* _What you need to do_:
Shown below are entries with pictures; the line with "Пусть усреднение по" through the line with "fluidos intravenosos). pubmed.ncbi.nlm.nih.gov/36634694/" is the span to retype exactly, and the pictures stay out.

* _Data provided_:
== Segment start ==

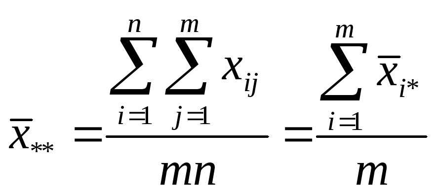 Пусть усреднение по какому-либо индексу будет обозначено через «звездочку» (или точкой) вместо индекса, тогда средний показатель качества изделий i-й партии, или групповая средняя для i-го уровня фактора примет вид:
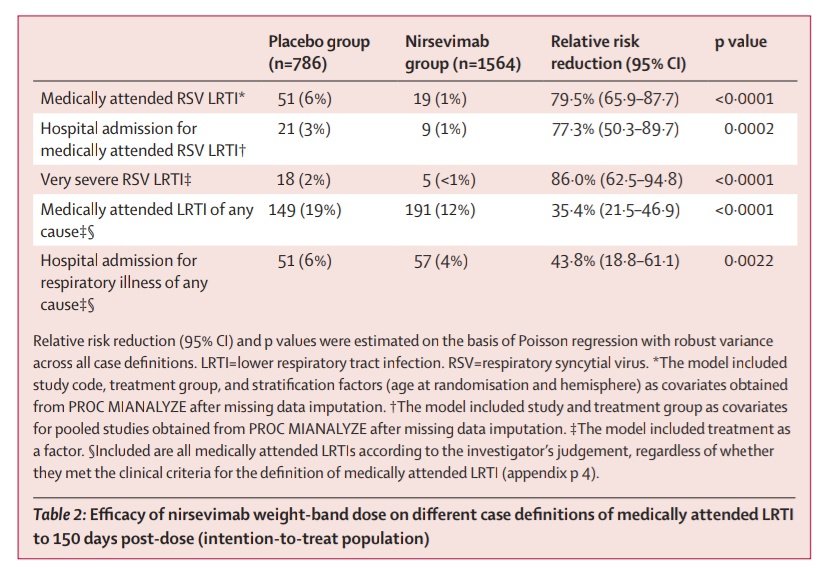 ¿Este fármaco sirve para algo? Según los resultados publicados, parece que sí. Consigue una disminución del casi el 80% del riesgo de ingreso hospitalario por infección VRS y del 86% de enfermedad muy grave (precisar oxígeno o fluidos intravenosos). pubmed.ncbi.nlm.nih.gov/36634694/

== Segment end ==
== Segment start ==

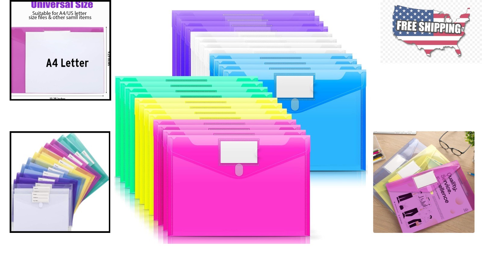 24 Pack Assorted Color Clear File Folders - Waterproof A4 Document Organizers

== Segment end ==

* _Written answer_:
 Пусть усреднение по какому-либо индексу будет обозначено через «звездочку» (или точкой) вместо индекса, тогда средний показатель качества изделий i-й партии, или групповая средняя для i-го уровня фактора примет вид:
 ¿Este fármaco sirve para algo? Según los resultados publicados, parece que sí. Consigue una disminución del casi el 80% del riesgo de ingreso hospitalario por infección VRS y del 86% de enfermedad muy grave (precisar oxígeno o fluidos intravenosos). pubmed.ncbi.nlm.nih.gov/36634694/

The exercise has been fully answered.